Two independent investigators (Zhou and Gong) selected articles and extracted data from eligible studies, evaluated the quality of each study and any discrepancies were resolved by a consensus discussion with a third investigator (Tan). The characteristics recorded were the first author’s last name, publication year, country of the population studied, study design, study setting, number of hospitals involved, time period of study, information source for exposure ascertainment and outcome assessment, total number of persons in each group (exposed vs. not exposed), sample size, types of ADMs, stage, mean F/U (months), survival endpoints and adjustment variables HR, and 95% confidence intervals (CIs) with adjustment for confounding factors.

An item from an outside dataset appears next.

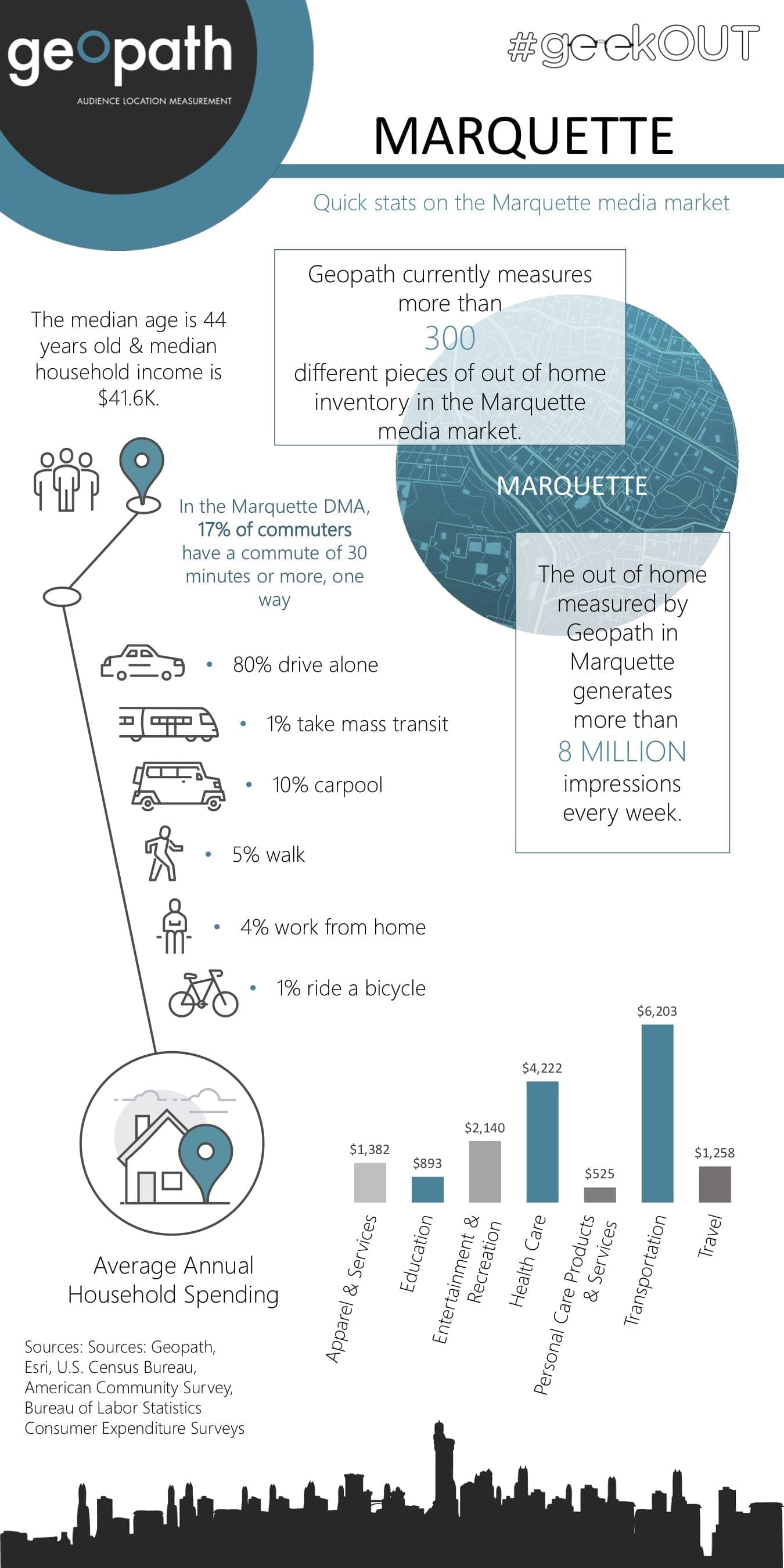 This week’s Geopath Market Spotlight focuses on the Marquette DMA. Infographics for the top DMAs and much more are available to Geopath members in their geekOUT Library. For more information on how to become a Geopath member, you can visit: http://geopath.org/membership/.

The methodological quality of each study was evaluated using the Newcastle-Ottawa quality assessment scale [26], in which three domains including cohort selection, comparability, and outcome were evaluated with a score range of 0 to 9 with nine representing the highest quality.

Statistical analysis

We used STATA statistical software (version 12.0, StataCorp LP, College Station, TX) and R statistical software (version 3.3.1) to perform the meta-analysis. Survival estimates with full adjustments for known confounders of included studies were abstracted. Summary data reporting HRs with corresponding 95% CIs estimated from Cox proportional hazards models were pooled with random-effects model [27]. The data regarding the association of ADMs (use vs. no use) with survival outcomes were pooled separately. We used the Cochrane Q statistic (with a P value less than 0.10 considering statistically significant) and the I statistic (with an I exceeding 50% indicating significant heterogeneity) to test for between-study heterogeneity [28]. Metformin usage and OS for PC patients were explored for primary meta-analysis. Other outcome measures such as PFS and Disease-free survival (DFS) were also evaluated. Owing to the limited studies for PFS and DFS, we combined the data of PFS and DFS as one outcome for the meta-analysis. We performed sensitivity analyses to explore the reasons for statistical heterogeneity. The risk of publication bias was assessed visually by inspecting of a funnel plot and statistically by using Egger's or Begg's regression model [29]. We further ascertained the number of missing studies using Duval and Tweedie’s trim and fill method to adjust the summary hazard ratio based on all the studies including the hypothesized missing ones [30]. All statistical analyses were two-sided and a P-value less than 0.05 was considered significant.